Foster + Partners design for the UAE pavilion at the 2010 Shanghai Expo has broken ground. Drawing inspiration from the form of a sand dune, the pavilion is a reference to this symbolic feature of the desert landscape shared by each of the seven emirates.
The landscape and climate of the UAE are integral to Emirati culture. Like a sand dune, the pavilion appears rough and textured on the side that bears the full force of the wind and smooth on the other side. The northern elevation is more porous to admit natural light, while the southern elevation has a solid façade, to minimise solar gain. A stainless steel skin, treated to appear golden, encloses the jewel-like shell.

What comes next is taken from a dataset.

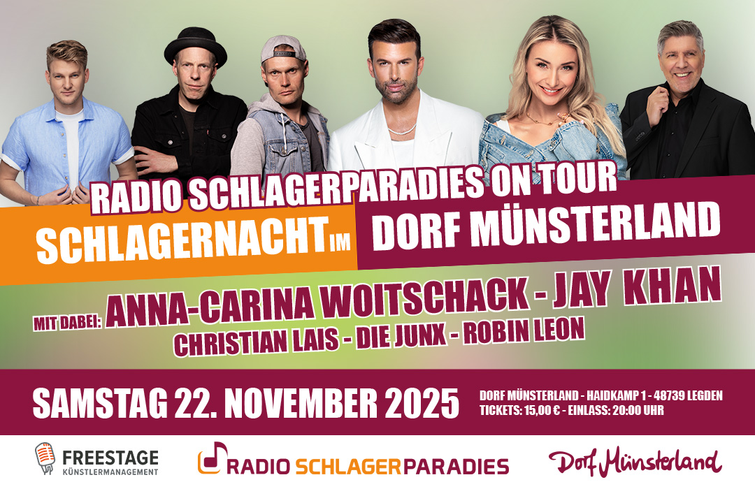 Riesengroßer Erfolg für die „‚Radio Schlagerparadies on Tour‘ Schlagernacht im Dorf Münsterland“ am 22.11.2025!

The complex structure is a triangulated lattice of flat stainless steel panels, joined by adjustable nodes, which are designed to enable the pavilion to be demounted on site and constructed quickly and economically. The peak rises to 20 metres in height and it is entered via a glazed lip at the pavilions base. Light penetrates the buildings business centre and VIP area through glazed vertical strips, which illuminate the pavilion from within by night. Internally, the fit out by Ralph Applebaum Associates offers an interactive experience, and a dynamic lighting design will reveal the exposed lattice shell of the structure.
With capacity for 450 people and enclosing 3,000 square metres of exhibition space, the pavilion is one of the largest structures to be built for the 2010 Shanghai Expo and will highlight the UAEs progressive stance on sustainability. Responding to the Expos Better Cities, Better Lives theme, the pavilion will showcase projects such as the Masdar Initiative, a new 6 million square metre carbon neutral zero waste community in Abu Dhabi, intended to become a centre for the development of new ideas for energy production.
Senior Partner, Gerard Evenden, said of the project:
The cities of the UAE rise from the desert and the pavilion will similarly emerge to form a natural counterpoint to Shanghais urban landscape. Like a sand dune, it is oriented to the direction of the wind and is a powerful example of an organic and highly effective passive environmental design.